News (Media Awareness Project) - Canada: Review: The Devil Take These Angels |
Title: | Canada: Review: The Devil Take These Angels |
Published On: | 2006-04-22 |
Source: | Globe and Mail (Canada) |
Fetched On: | 2008-01-14 07:07:48 |
THE DEVIL TAKE THESE ANGELS
Angels Of Death: Inside The Bikers' Global Crime Empire
By William Marsden and Julian Sher Knopf Canada, 464 pages, $34.95
'They had not planned on beheading her." With this chilling
introduction to the 2001 murder of Cynthia Garcia, whose bloated
remains were found in the Arizona desert, Angels of Death becomes a
razor-edged ride to the core of evil and back.
By her biker murderer's own brusque assessment, Garcia was "a nobody,
a loser." Yet her tawdry death became an integral element of a
perversely glamorous mystique which, according to William Marsden and
Julian Sher, continues to make the Hells Angels the world's most
powerful and feared motorcycle club.
Angels of Death is as contemporary as it gets. Its most recent case
studies are scarcely weeks old; its intense analysis of this evil
empire as current and finely tuned as a newly minted Harley chopper.
The narrative is multilayered and global in scope, ranging from the
Australian desert to the Canadian Rockies, from the canals of
Amsterdam to the seamy side of San Bernardino, Calif., where the club
was formed in 1948, its unifying symbol the Death Head patch framed
inside a set of angelic wings.
Contemporary globalization has been driven, for the most part, by the
U.S. corporation and the Yankee greenback. It is only natural that
the cultural tremor caused by the Angels, that most viscerally
American criminal society, would likewise reverberate around the
world. The Angels have given European followers stature, power and
wealth in a corporate invasion that has rewarded them with global
reach and appetite.
But this is no ordinary business expansion. Hells Angels Motorcycle
Club Inc. is involved in hostile takeovers that would make Bay
Street's toughest quake at the knees and press the panic button.
Whether exacting revenge in the Australian Outback by blowing up
entire towns, hacking opponents to death with axes at British
rock-and-roll reunions, or engaging in wild-west shootouts with
rivals at Harrah's Nevada Casino, the Hells Angels have shown that
they dare to go where mere devils fear to tread.
According to the authors, North American police agencies have long
appreciated the war footing that such black-hearted arrogance brings.
Yet the New Europe appears blithely ignorant of the Angels, seeing
the evil they espouse as a perverse thrill to be enjoyed as a
coquettish voyeur, without personal cost.
"The Dutch thought they knew better," Marsden and Sher write. "To
them, outlaw bikers were simply a quirky American subculture. If
other countries followed Holland's policy of tolerance and acceptance
[they thought], the world would be a better place." In a country
where courts order an armed robber to reimburse the 6,600 euros he
stole from a bank, minus the 2,000 euros he paid for his gun, such
specious logic might make sense, but the harsh reality is far more damning.
The Hells Angel clubhouse in Amsterdam was fully funded by tax
dollars to promote charity events, motorcycle riding and youth
activities. By the time it was a completed fortress -- where rape was
commonplace and hard drugs the norm -- it was too late for the
denizens of that liberal city to change their minds and retake the bastion.

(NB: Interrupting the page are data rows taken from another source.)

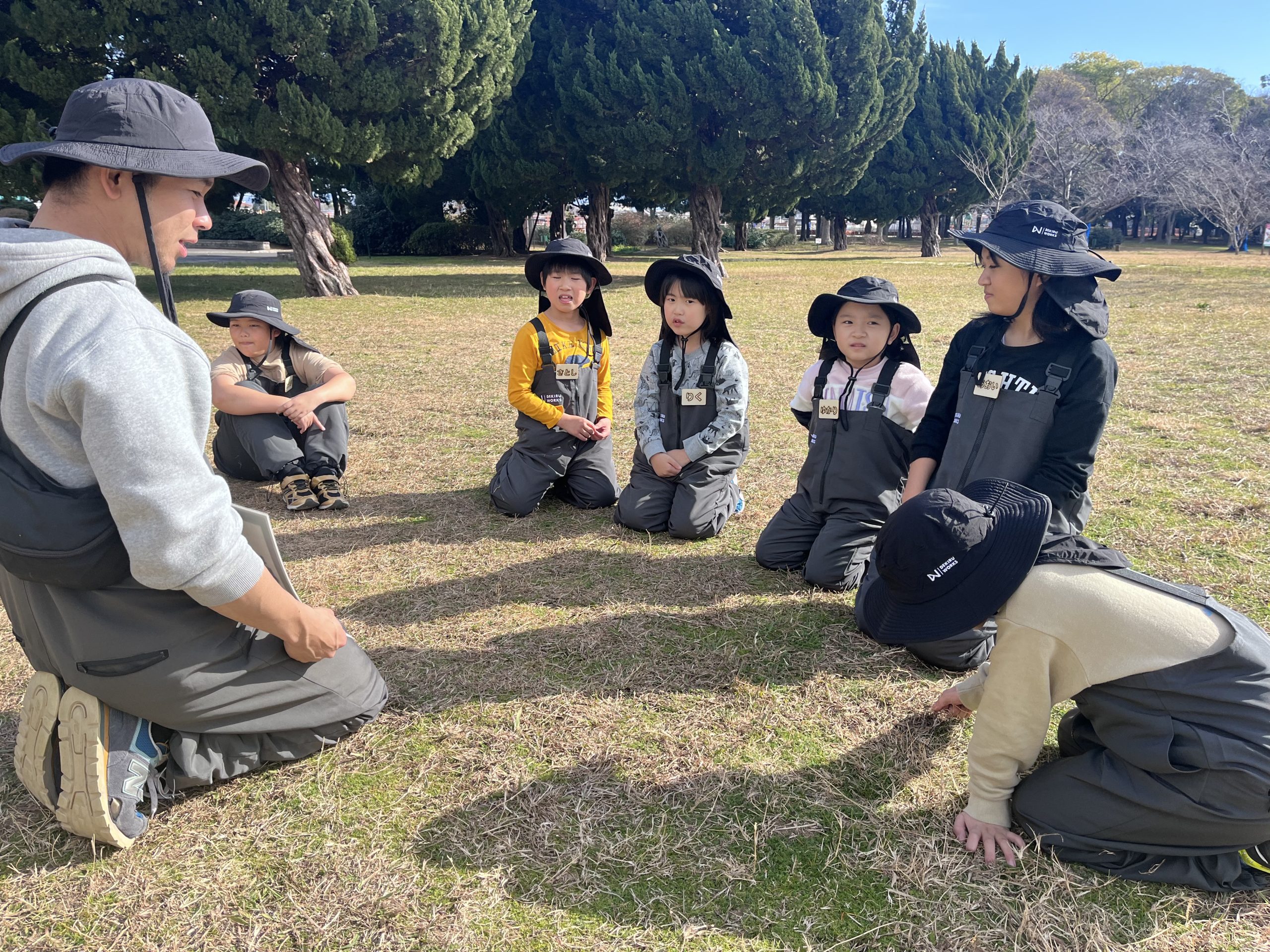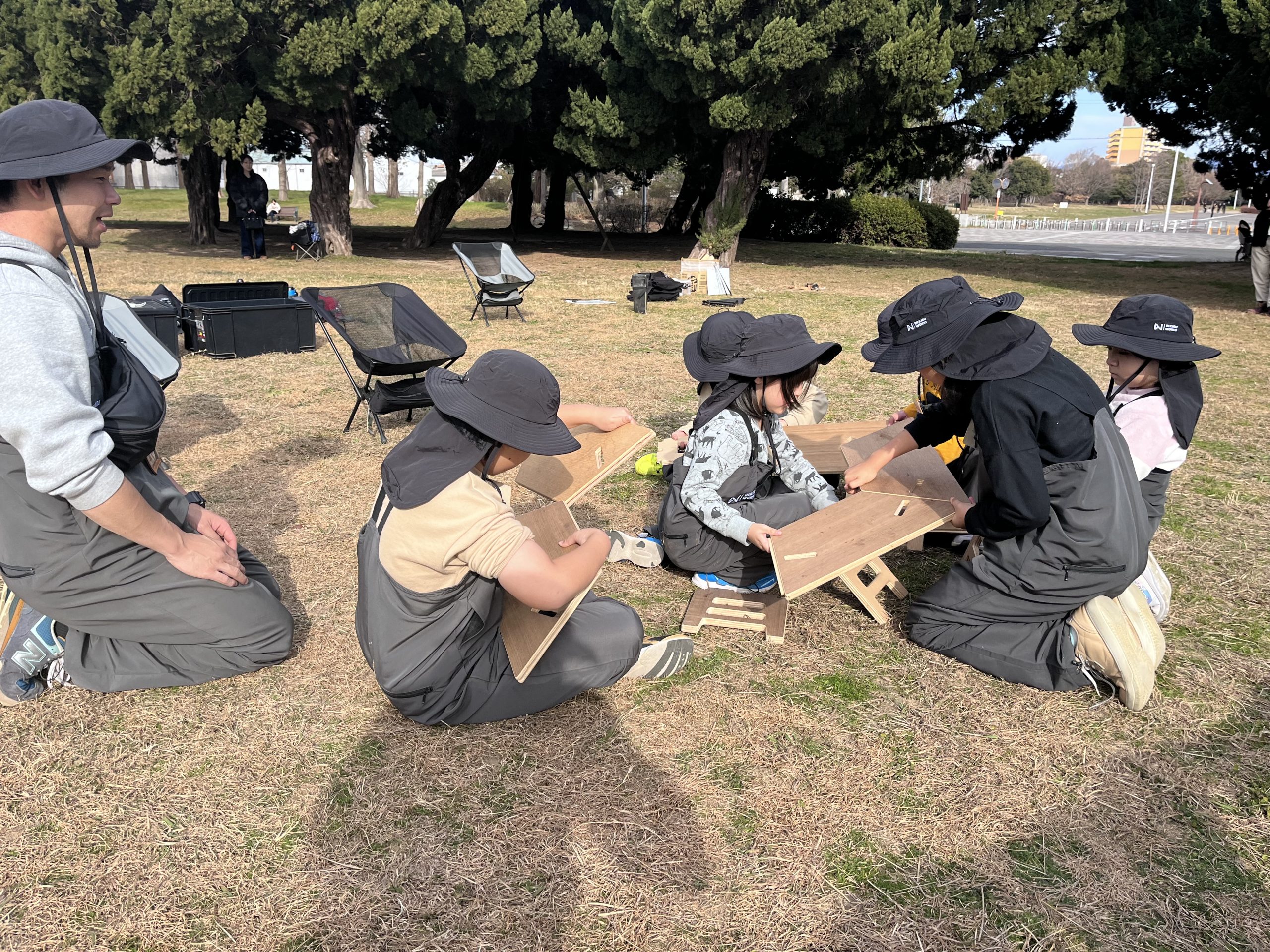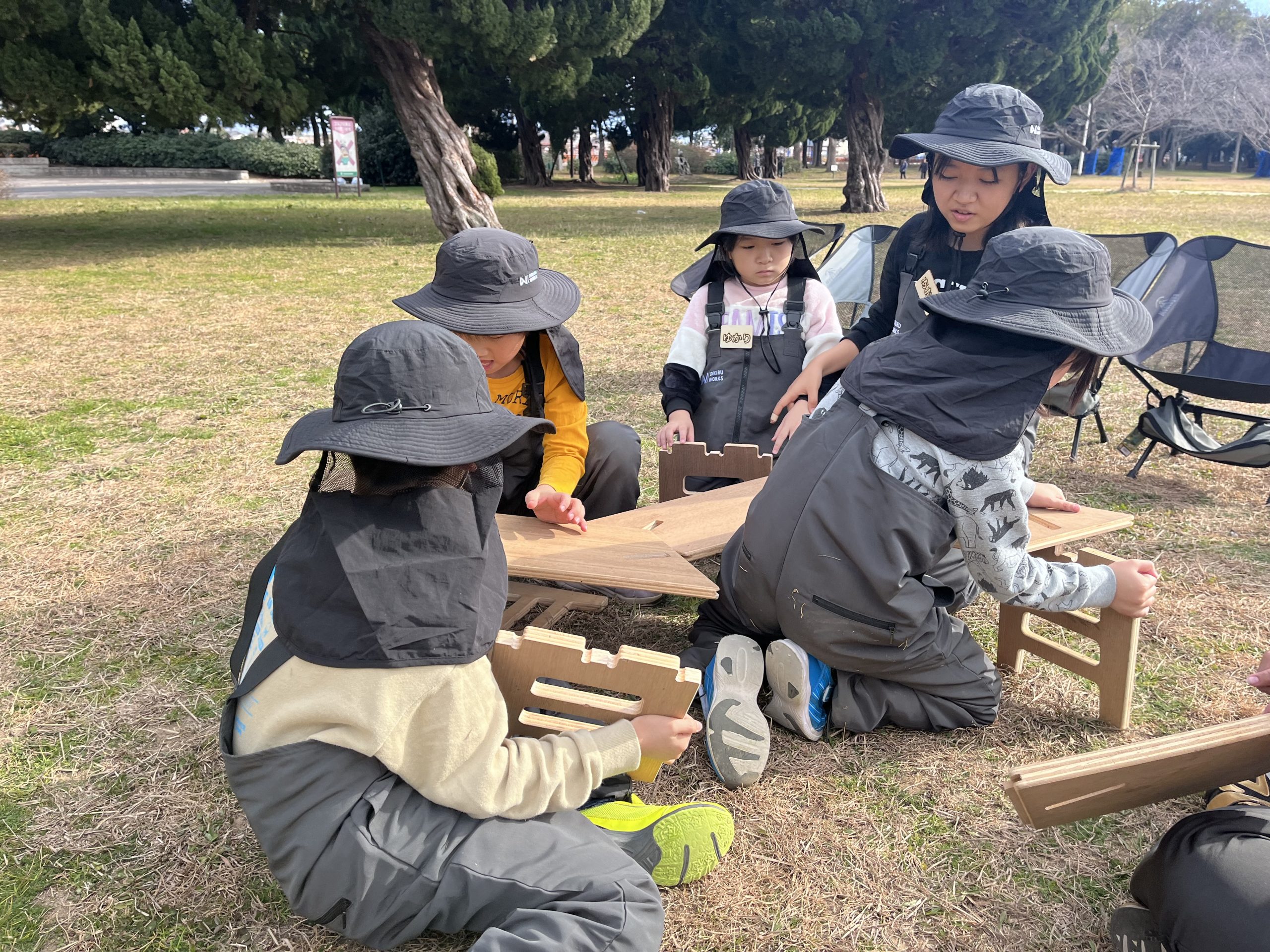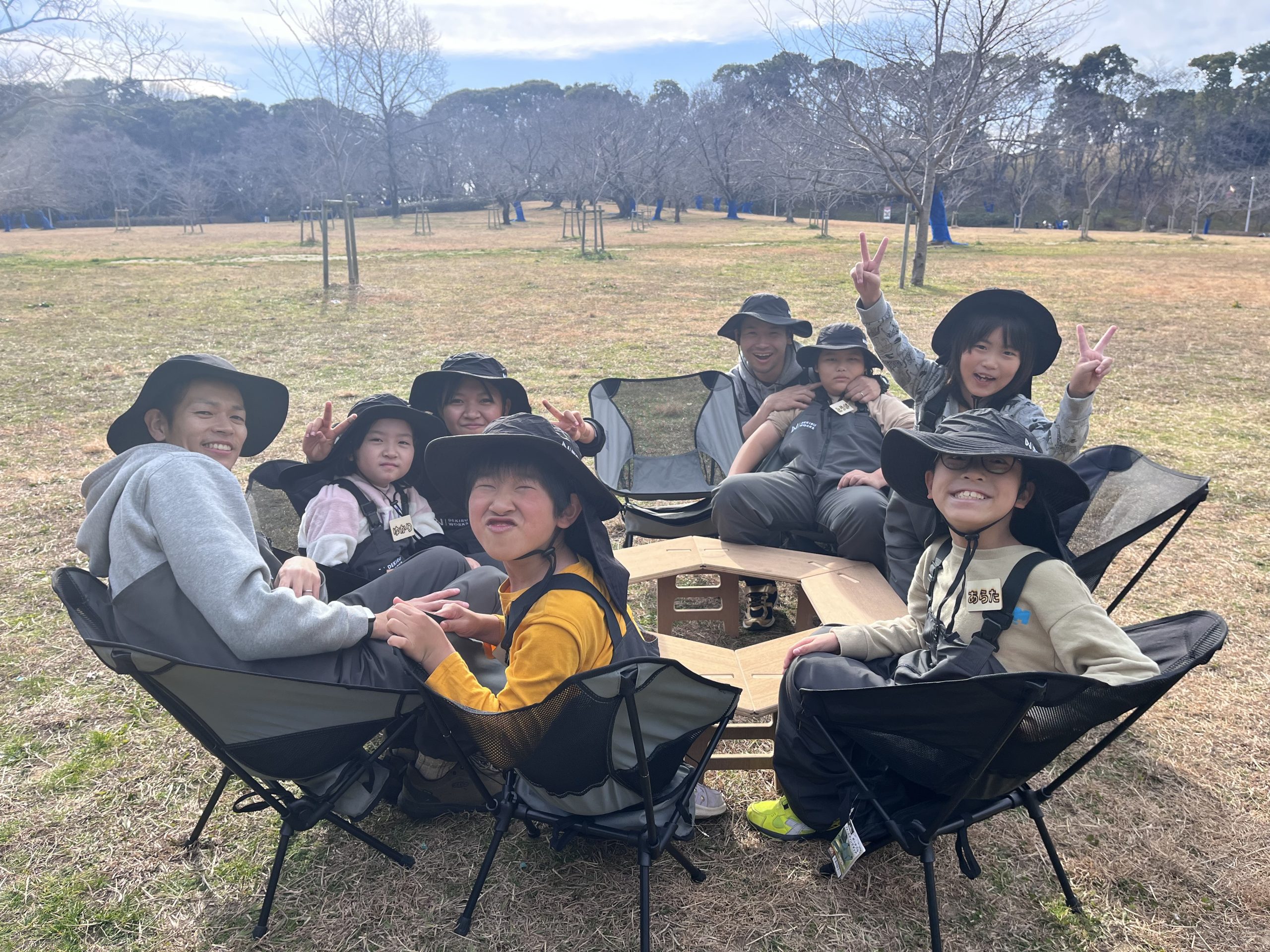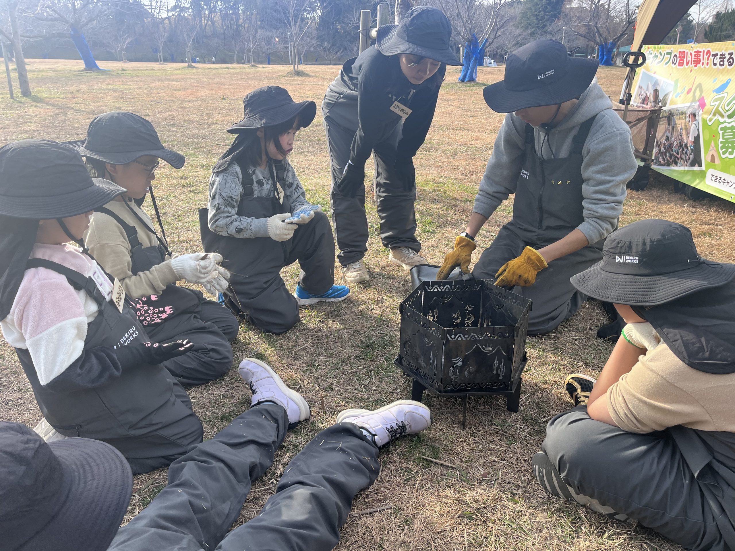 HOME > ニュース > ニュース 大泉スクール 【堺市|大泉緑地】防災キャンプスクール『できるキャンプアカデミー(午後の部)』の活動日誌(1月) 2025年4月17日 1月19日(日)に実施した、できるキャンプアカデミー大泉緑地スクール【午後の部】の様子をお届けします!1月の寒さにも負けず、焚き火を使ったプログラムを行いましたので、最後までご覧ください! 「3つの約束」覚えてる? 今回のスクールは、第2回目ということで、前回にもお話しした、できるキャンプアカデミーが大切にしている「3つの約束」について子ども達とおさらいしました!できるキャンプアカデミーで大事にしている「3つの約束」とは?・「挑戦できる」・「協力できる」・「感謝できる」です!みんなに覚えているか聞くと、すぐに手を挙げて全て答えてくれました!しっかりと覚えてくれていて嬉しかったです♪この3つの約束は、スクール活動中はもちろん普段の学校やお家での生活でもみんなに大切にしてほしい内容です! 焚き火の準備♪ いよいよ焚き火の準備です!まず初めに、ヘキサゴンテーブルを組み立てます!今回は、子ども達が自分で観察して、考える力を身につけてもらいたかったので、あえて先生達は組み立て方を詳しく伝えませんでした。早速、テーブルを観察して「こっち向きじゃない?」「ここに差し込めばいけそう!」など声を掛け合いながら、組み立てを進めていく子ども達!そして、先生達の想像を遥かに上回るスピードで完成!本当にすごい!みんなで協力できたからだね♪ 完成すれば、自分の椅子を綺麗に並べて、ハイチーズ!!この後、みんなで自己紹介したり、お話ししたり、お茶を飲んだりテーブルを囲んで少し休憩しました♪ 「火」についてのお話し 今回は焚き火を使ったプログラム行うので、その前に「火」についてお話ししました。火はとても便利ですが、ルールを守らないと火傷や大怪我に繋がる危険なものです。自分が怪我をしないように、お友達に怪我をさせてしまわないように、お話しをしっかり聴こうねと伝えました。みんな真剣な表情でお話を聞いてくれましたよ! 焚き火をしても良い場所について◯×クイズで考えてもらいました。【地面であればどこで焚き火をしてもいい】というクイズに対しては全員がバツを回答し、その理由として、「草に燃え移ってしまう」「火事になる」などたくさんの意見を出してくれました♪子ども達が言ってくれた通り、地面の上で直接焚き火をしてはダメです!安全に焚き火を行うために、焚き火台を組み立てる必要があります! 焚き火台の組み立て! 先ほど説明したように、焚き火をするには焚き火台を組み立てる必要があります!焚き火台の組み立ては、今回のプログラムで初めて行うことと、組み立て方が少し難しいので、先生から焚き火台の構造や組み立て方をレクチャーしてからスタート!焚き火台にはなぜ穴が空いているでしょう?と質問すると「空気が入りやすくなるため!」と即答してくれた子ども達!その通りです!空気(酸素)は、物が燃焼するために必要なので、空気が通りやすくなるために穴が空いてるんですよ♪説明が終われば、焚き火台の組み立てをスタート!!テーブルの時と同様に、みんなで協力して組み立てることができていました!またしてもみんなの素晴らしい協力のおかげで、先生達は何の手助けもすることなく完成! 燃料を集めよう! 火を利用するために必要な燃料として、キャンプでは薪や炭などがよく用いられます。今回は、公園内にあるものを自分たちで拾い集め、それらを使って火を起こしました!(火を安定させるための薪は用意しており、火付に用いるものを子ども達に集めてもらいました。)探し始めてみると、大泉緑地にはたくさんの枝や木が落ちていて、子どもたちは協力して両手いっぱいに、たくさん拾い集めてくれました!「太い枝があった〜!」や、「木の皮って使えるかな!?」など見つけるたびに報告をしてくれましたよ♪ 火種となる燃料が集まった後は、子ども達に枝を組んでもらいました!空気の通り道ができるように漢字の「井」の形に上手に組んでくれました!着火した後も子ども達に枝や薪をくべてもらいましたが、その姿はまさにキャンパー!笑そして、自分達で大きくした焚き火を使って、お待ちかねの「焼きマシュマロ」を食べました!今日は、テーブルや焚き火台の組み立てから、公園を歩き回って枝集めまで子ども達だけで行ったので、最高のご褒美になったね♪ 最後は、1日の振り返り♪ 今日のスクールの中で、挑戦・協力・感謝できたことをみんなで振り返っていきます! 子ども達からは「友達と協力して焚き火台やテーブルを組み立てた」「枝を拾うことに挑戦できた」などたくさん発表してもらいました!今回で2回目となった大泉緑地スクール【午後の部】ですが、早くもみんなの成長を感じられた1日でした!2月ももみんな会えること楽しみにしています♪ スクール生、随時募集中! できるキャンプアカデミーでは各会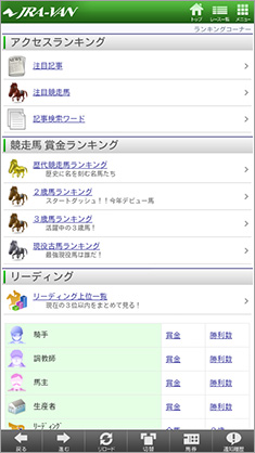 【画面1】「ランキングコーナー」では、騎手、調教師リーディングなどさまざまな情報を得られる。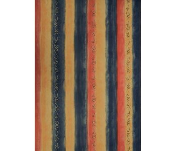 This multi-coloured stripe wallpaper features alternating shades of blue, red, and orange, accented with a whimsical gold swirl design.
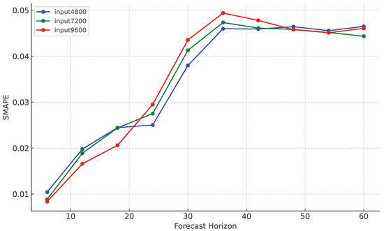 To better understand the performance of the proposed bidirectional fine-tuning model, we analyze its accuracy for different input and output ranges. Figure 3 illustrates the model’s performance, in term of SMAPE, for three different input lengths (4800, 7200, and 9600) across various forecast horizons. The mean SMAPE is calculated over the five regional time series, which is similar to the last row of Table 4. The results indicate that the performance of the model generally worsens (SMAPE increases) as the forecast horizon increases for all input lengths. This is not a surprising observation. It is a typical behavior in time-series forecasting, as the longer the forecast horizon, the greater the uncertainty and the higher the likelihood of prediction errors. In general, the farther into the future the model tries to predict, the less accurate the forecasts become, leading to an increase in SMAPE. The increase in error over time is expected due to the accumulation of forecast inaccuracies as the model moves further from the observed data. Thus, the observed trend is consistent with the inherent challenges of long-term forecasting. We also find that shorter input lengths (input4800 and input7200) generally yield lower SMAPE values in shorter forecast horizons, suggesting better accuracy in the short term. However, as the forecast horizon increases, the performance differences between input lengths become less pronounced with input 9600 approaching the accuracy of the shorter input lengths.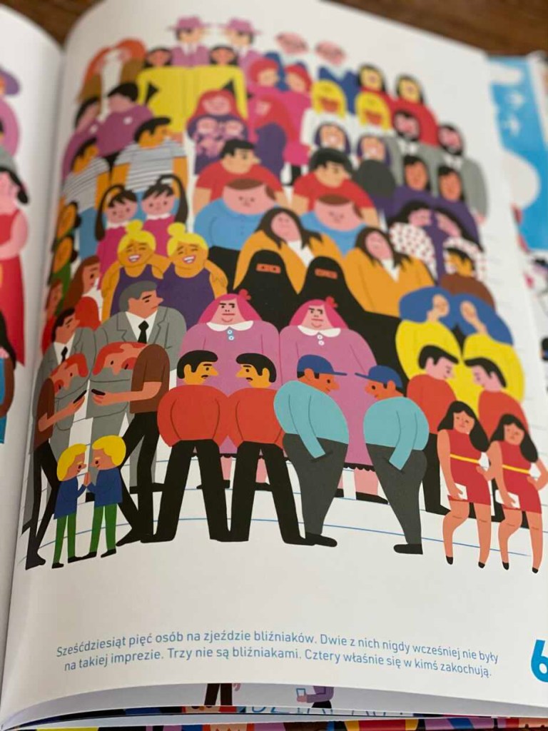 Książka zawiera 2768 indywidualnie narysowanych osób. Zaczynamy od jednej osoby, później pojawiają się dwie, trzy, pięć, dziesięć, pięćdziesiąt, sto i tak aż do całego globu. Zadaniem małych czytelników jest odnaleźć na ilustracjach bohaterów, których opisuje krótki tekst pod obrazkiem. Postacie w książce są bardzo zróżnicowane, co sprawia, że czytanie jest wyjątkowo przyjemne.

By 2003, Schiphol Airport had become the European gateway for
Colombian cocaine trans-shipped by Hells Angels through Dutch
Curacao. When authorities began checking all flights from Curacao,
they arrested so many people that prisons couldn't hold them. Most
were set free, their drugs confiscated.
Amsterdam's red-light district is infamous for its violence, and in
one notable case, for the death and dismemberment of a woman. Her
file would be dubbed Operation Annoyance by callous detectives, who
were too indifferent to identify the mutilated remains -- until the
case was taken up by a crusading Dutch reporter, who made public the
fact that she had been murdered by Angels and her body parts fed to
pigs. The Dutch statute of limitations on murder, 18 years, ran out
before the Angel suspect could be convicted.
The rest of Europe is also cruising in blissful auto-glide as it
relates to bike gangs. In Sweden, bikers stole 16 antitank weapons
and hundreds of grenades from unguarded militia depots. Machine gun
battles broke out in Oslo and Copenhagen. Rocket attacks destroyed
biker hangouts in Helsinki. In England, the Angels led the Queen's
50th Jubilee Parade, and the minister of state for policing
personally led a Hells Angel "Toy Run for Charity."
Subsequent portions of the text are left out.